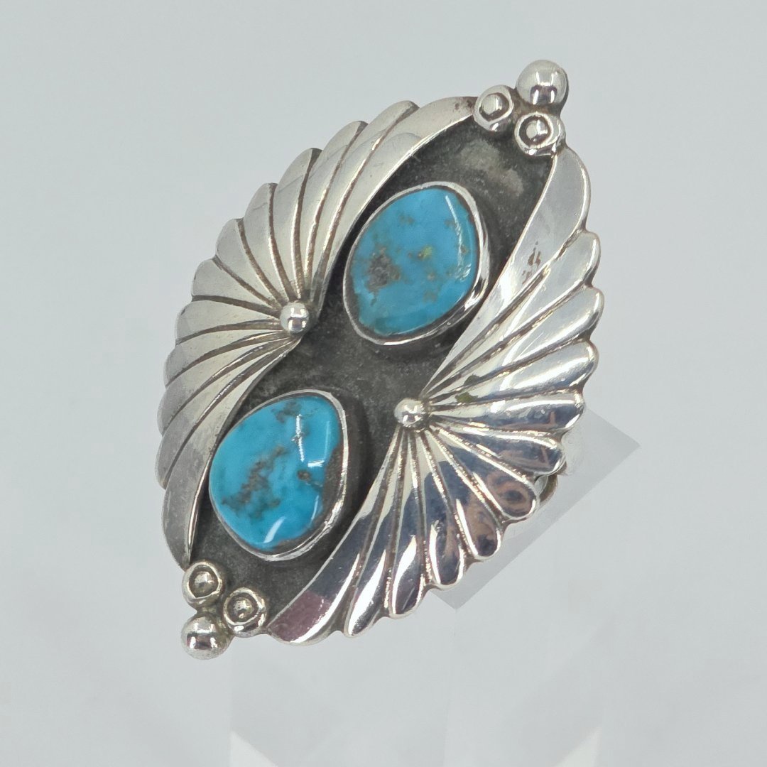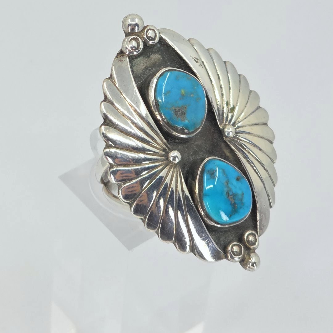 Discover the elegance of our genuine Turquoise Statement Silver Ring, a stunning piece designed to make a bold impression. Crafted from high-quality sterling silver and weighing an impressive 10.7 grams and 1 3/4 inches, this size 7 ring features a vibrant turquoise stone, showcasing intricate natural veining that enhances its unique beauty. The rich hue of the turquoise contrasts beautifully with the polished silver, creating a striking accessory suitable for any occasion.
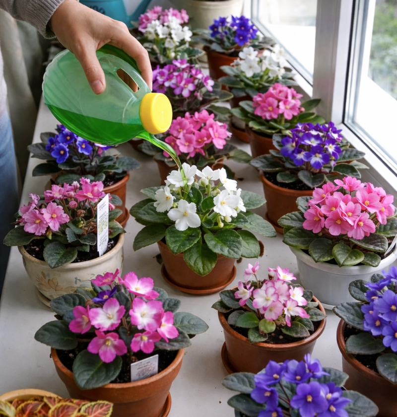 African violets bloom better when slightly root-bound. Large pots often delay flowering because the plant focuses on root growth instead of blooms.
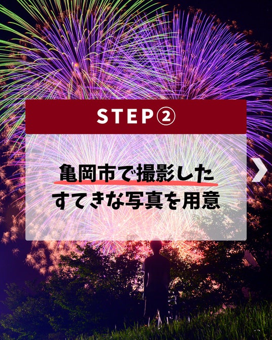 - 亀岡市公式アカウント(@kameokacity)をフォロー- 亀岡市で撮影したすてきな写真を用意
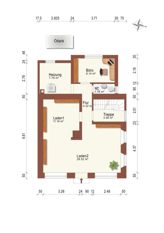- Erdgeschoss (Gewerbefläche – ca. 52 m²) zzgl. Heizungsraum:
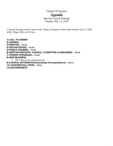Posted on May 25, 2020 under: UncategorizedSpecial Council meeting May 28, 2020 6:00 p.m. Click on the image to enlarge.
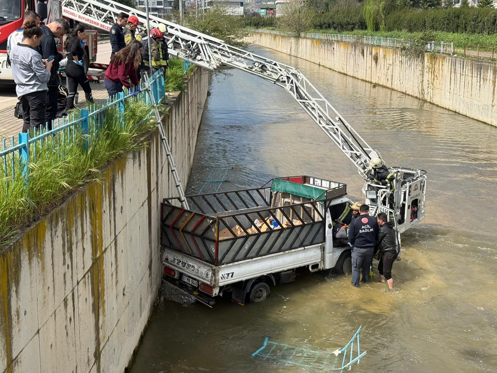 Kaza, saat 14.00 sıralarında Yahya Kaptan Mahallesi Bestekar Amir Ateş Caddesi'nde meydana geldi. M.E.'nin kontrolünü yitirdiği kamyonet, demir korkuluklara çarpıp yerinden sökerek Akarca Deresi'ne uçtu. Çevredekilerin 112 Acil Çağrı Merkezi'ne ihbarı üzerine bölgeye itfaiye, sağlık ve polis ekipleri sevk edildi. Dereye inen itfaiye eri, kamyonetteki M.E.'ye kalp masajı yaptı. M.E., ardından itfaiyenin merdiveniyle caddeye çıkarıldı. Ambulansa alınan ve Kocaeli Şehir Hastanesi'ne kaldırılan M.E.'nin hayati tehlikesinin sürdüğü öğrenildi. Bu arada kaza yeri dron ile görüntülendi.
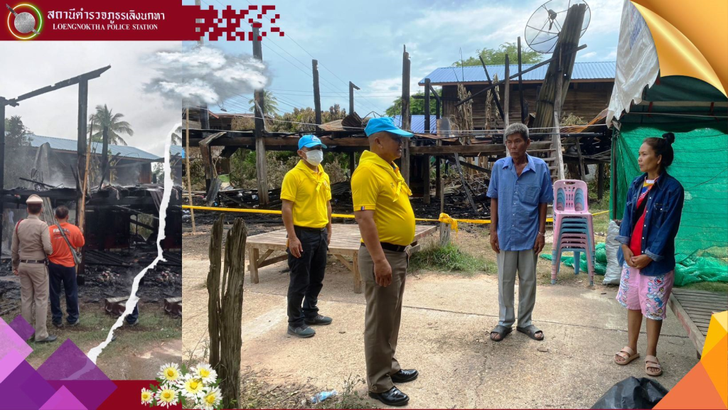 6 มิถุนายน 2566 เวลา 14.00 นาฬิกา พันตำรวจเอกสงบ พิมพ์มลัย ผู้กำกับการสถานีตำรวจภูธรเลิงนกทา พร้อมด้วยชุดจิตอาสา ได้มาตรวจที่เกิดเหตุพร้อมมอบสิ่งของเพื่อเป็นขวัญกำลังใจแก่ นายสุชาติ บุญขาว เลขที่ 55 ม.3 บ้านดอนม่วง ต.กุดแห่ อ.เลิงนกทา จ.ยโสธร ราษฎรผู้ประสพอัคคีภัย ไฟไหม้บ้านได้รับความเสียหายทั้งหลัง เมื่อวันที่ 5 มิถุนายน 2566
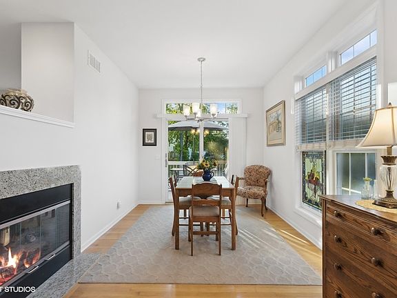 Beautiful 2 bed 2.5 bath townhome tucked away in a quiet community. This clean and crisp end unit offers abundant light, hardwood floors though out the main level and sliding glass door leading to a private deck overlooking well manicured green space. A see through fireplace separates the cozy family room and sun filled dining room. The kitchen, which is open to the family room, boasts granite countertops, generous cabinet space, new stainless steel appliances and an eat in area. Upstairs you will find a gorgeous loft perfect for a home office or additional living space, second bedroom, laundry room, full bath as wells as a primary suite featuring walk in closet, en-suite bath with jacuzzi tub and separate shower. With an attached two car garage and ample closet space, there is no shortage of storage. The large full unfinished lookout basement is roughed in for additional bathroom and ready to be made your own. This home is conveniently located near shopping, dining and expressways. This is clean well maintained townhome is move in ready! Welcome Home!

=== Activity ===
All that should be printed is the run of lines above from the one with "Posted on May" through the one with "6 มิถุนายน 2566", both included, exactly as given, with pictures left out.

=== Reply ===
Posted on May 25, 2020 under: UncategorizedSpecial Council meeting May 28, 2020 6:00 p.m. Click on the image to enlarge.
 Kaza, saat 14.00 sıralarında Yahya Kaptan Mahallesi Bestekar Amir Ateş Caddesi'nde meydana geldi. M.E.'nin kontrolünü yitirdiği kamyonet, demir korkuluklara çarpıp yerinden sökerek Akarca Deresi'ne uçtu. Çevredekilerin 112 Acil Çağrı Merkezi'ne ihbarı üzerine bölgeye itfaiye, sağlık ve polis ekipleri sevk edildi. Dereye inen itfaiye eri, kamyonetteki M.E.'ye kalp masajı yaptı. M.E., ardından itfaiyenin merdiveniyle caddeye çıkarıldı. Ambulansa alınan ve Kocaeli Şehir Hastanesi'ne kaldırılan M.E.'nin hayati tehlikesinin sürdüğü öğrenildi. Bu arada kaza yeri dron ile görüntülendi.
 6 มิถุนายน 2566 เวลา 14.00 นาฬิกา พันตำรวจเอกสงบ พิมพ์มลัย ผู้กำกับการสถานีตำรวจภูธรเลิงนกทา พร้อมด้วยชุดจิตอาสา ได้มาตรวจที่เกิดเหตุพร้อมมอบสิ่งของเพื่อเป็นขวัญกำลังใจแก่ นายสุชาติ บุญขาว เลขที่ 55 ม.3 บ้านดอนม่วง ต.กุดแห่ อ.เลิงนกทา จ.ยโสธร ราษฎรผู้ประสพอัคคีภัย ไฟไหม้บ้านได้รับความเสียหายทั้งหลัง เมื่อวันที่ 5 มิถุนายน 2566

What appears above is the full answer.